The goldbuggerers have this routine down to a tee.

:)

Tom Hickey said...

This is why Michael Hudson, Bill Black, and Steve Keen are popular.

Unknown said...

That's what I was thinking.

They bring the hate..

Tom Hickey said...

They bring the hate..

I would say "rage."

What I am concerned with is that when there is another crisis and there will be before very long since nothing material has changed and the rot is still there, there will be an overreaction when the public wakes up. This is what Marx and Schumpeter warn of, each in their own way. And I am not speaking only of the US here but globally. There's a lot of instability growing socially and politically as well as economically, and neoliberalism is pretty much at the bottom of most of it. There will be a reaction eventually.

jeg3 said...

Good summary in this video, got trust or oligarchy. A big problem though is when people trust the oligarch propaganda.

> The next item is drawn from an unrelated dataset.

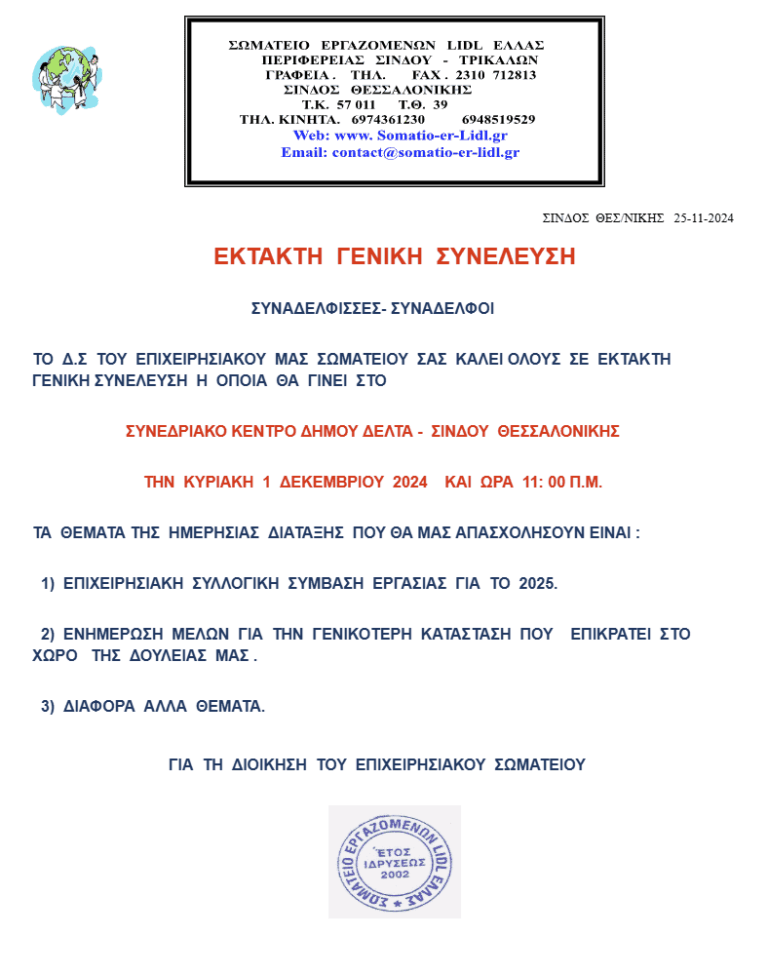 Nov252024 ΕΚΤΑΚΤΗ_ΓΕΝΙΚΗ_ΣΥΝΕΛΕΥΣΗ ΚΥΡΙΑΚΗ_01-12-2024 ΑΝΑΚΟΙΝΩΣΗ, ΓΕΝΙΚΗ ΣΥΝΕΛΕΥΣΗNovember 25, 2024 Read more

"Robert Johnson: Unmasking of Wall Street at Culture Project's IMPACT 2012 Festival"
https://www.youtube.com/watch?v=JmTr3P5BiL0&list=PL2AF22380676B28C4

mike norman said...

Primary dealers are stuck with inventory that a lot of their customers don't want. That's all that chart in ZH is showing.

Having said that, Primary dealers will probably be "right" by accident, simply because rates are not going up. The Fed told us as much. At least, they're not going up until the unemployment rate hits 6.5%. If we get an unemployment rate below 7%, then maybe it's okay to start worrying.

Matt Franko said...

Perhaps building up inventory to deal to the Fed once they start purchasing the 40B/month.... what price the Fed will agree to pay for them seems like it is a different issue altogether...

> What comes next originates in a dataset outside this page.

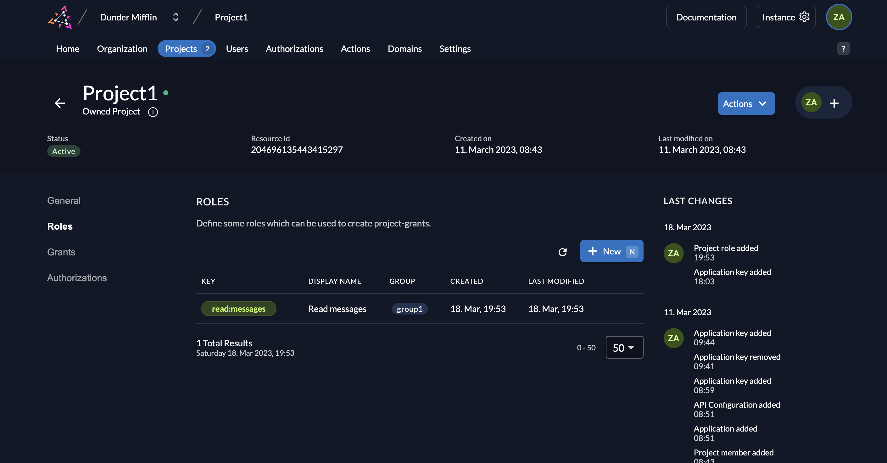 In order to access this route, you must create the role read:messages in your ZITADEL project and also create an authorization for the service user you created by adding the role to the user. Follow these steps to do so: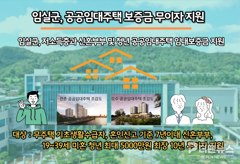 10일 임실군에 따르면 관내 공공임대주택 입주 예정자를 대상으로 ‘공공임대주택 임대보증금 지원사업’을 실시, 가구당 최대 5,000만 원을 무이자로 지원한다고 밝혔다.

My hunch: They will only pay lower prices... as the Fed people doing this are morons who think they are running a hedge fund "for the taxpayers"....

rsp,

Jose Guilherme said...

there will be an overreaction when the public wakes up. This is what Marx and Schumpeter warn of, each in their own way

Schumpeter - a right-winger - was fascinated by Marx's power of analysis. When reading the first chapters of his seminal "Capitalism, Socialism and Democracy" it's hard not to be awed by the depth of his knowledge of Marx's tought.

No wonder both shared an understanding of capitalism as a dynamic, revolutionary system bound to generate instability and cause recurring economic crises that devastate the way of living of people who just happen to find thenselves - through no fault of theirs - on the wrong side of the the process of "creative destruction".

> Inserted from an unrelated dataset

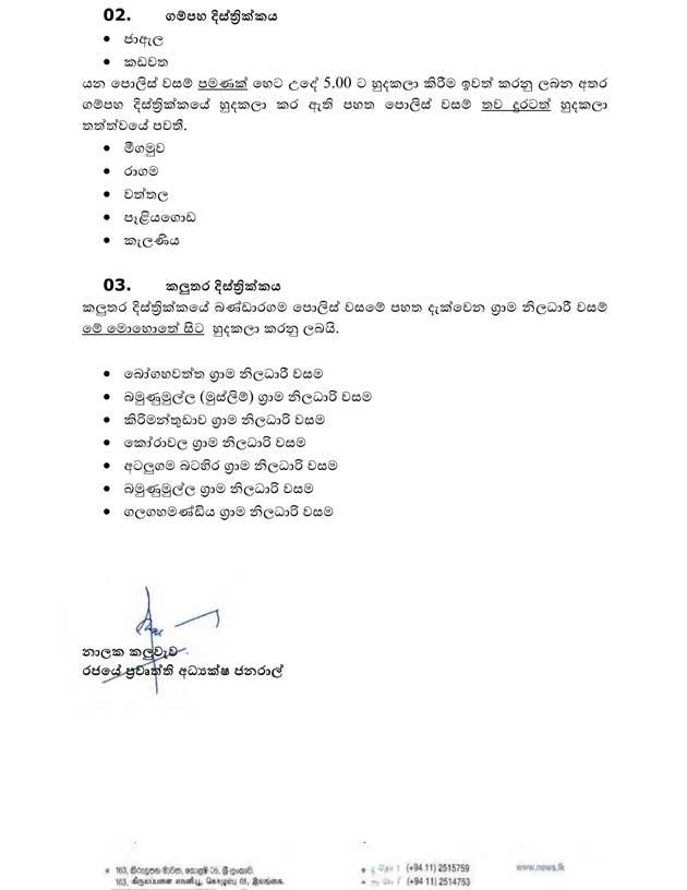හුදෙකලා කිරීම ඉවත්කරන සහ තවදුරටත් හුදෙකලා කරමින් තබන එම පොලිස් වසම් පහත නිවේදනයේ දැක්වේ.

In a sense, one can feel a certain nostalgia for those civilized times when conservative thinkers paid due tribute to the intellectual giants of the other side of the political spectrum.

Today, the typical right-wing mediocrity teaching at, say, the University of Chicago won´t know much about Marx or heterodox thinkers in general. And will likely - and sadly - revel in his lack of knowledge.

Tom Hickey said...

And they likely haven't read Schumpeter either.